When you run the football with success, there are usually two or three reasons why you do it. In this case for the Cowboys, the point-of-attack blocking was outstanding. Jason Witten, Tyron Smith, Kyle Kosier and Tony Fiammetta were all on point in this game. Much will be made about the game that Montrae Holland played at left guard, but the players I mentioned were outstanding.

When you watched the game, the Cowboys were able to down block or combo block effectively. Holland was good in his area’s blocks, but there were plenty of times where he wasn’t as good when he was asked to pull and hit his target. Smith and Kosier were getting so much push on the front side that Holland was having troubling finding a man to hit, and when he did, his adjustment was a little off.

Witten is not the type of guy that is going to hammer you off the line but can be solid when he shield blocks. In this game he was doing a nice job of this, whereas in some of the earlier games, he struggled to maintain his block.

I really do like Fiammetta at fullback and his ability to adjust on the move. He is more of an athlete than a bulky blocker, which makes him different from most fullbacks. Fiammetta has a real feel for how to see the play develop and correctly move to pick up his man. He is outstanding at finding his man then fitting on him to work him out of the hole.

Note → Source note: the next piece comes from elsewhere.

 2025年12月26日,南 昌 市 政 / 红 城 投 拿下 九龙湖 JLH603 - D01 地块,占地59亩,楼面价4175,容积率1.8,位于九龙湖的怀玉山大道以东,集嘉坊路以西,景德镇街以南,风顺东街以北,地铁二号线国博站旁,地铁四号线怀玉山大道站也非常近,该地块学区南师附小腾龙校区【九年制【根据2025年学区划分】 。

Fiammetta can get in a little trouble when a linebacker attacks him in the hole. Chris Chamberlain got him one time, cracking him pretty good, but that was the only real poor play that he had.


DeMarco Murray

Layne Murdoch/Getty Images DeMarco Murray’s 91-yard touchdown run in the first quarter was the second longest in Cowboys history.

The numbers speak for themselves on what DeMarco Murray was able to do with his carries. Jason Garrett always talks about opportunities and making the most of them, and he did.

I have to admit, the more that I watched Murray carry the ball, the more I wondered if Felix Jones would have had the same type of success. Murray made some nice cuts one on one and was a physical runner, but maybe the most important area that he looks like he improved in was as a pass protector.

This is what is going to be the most important thing for Murray going forward because there aren’t always going to be days of playing the Rams, so you better be able to help the team when you are on the field on third downs. Murray was able to step up and take on a blitzer square and not allow any ground into Tony Romo.

Something else that I want to point out about Murray was his ability to play with some smarts. In the Washington game earlier this season, we all saw Tashard Choice run out-of-bounds with time winding down in the game, stopping the clock and allowing Washington to save a timeout. Murray was able to get the ball to the outside late in the game but instead of going out-of-bounds to stop the clock, he cut back up field to keep the clock running.

In this game, it is not always about all the yards you rush for but things like blitz pickup and trying to finish off the game by being a smart football player.

I also wanted to say a few things about what I observed in Phillip Tanner’s play. I really do believe that Tanner is what Jerry Jones wanted in a third back. Jones has a vision for a player that can play well on special teams, which Tanner does, but he also wants a hard running back with some explosiveness and power.

The most impressive thing about Tanner is his ability to make himself small to get through those holes. He has a real knack for inside power, keeping his legs working and getting positive yards in the rushing game when things get tight. If he can continue to grow as a pass protector, then he will have a chance to get more opportunities in this  offense.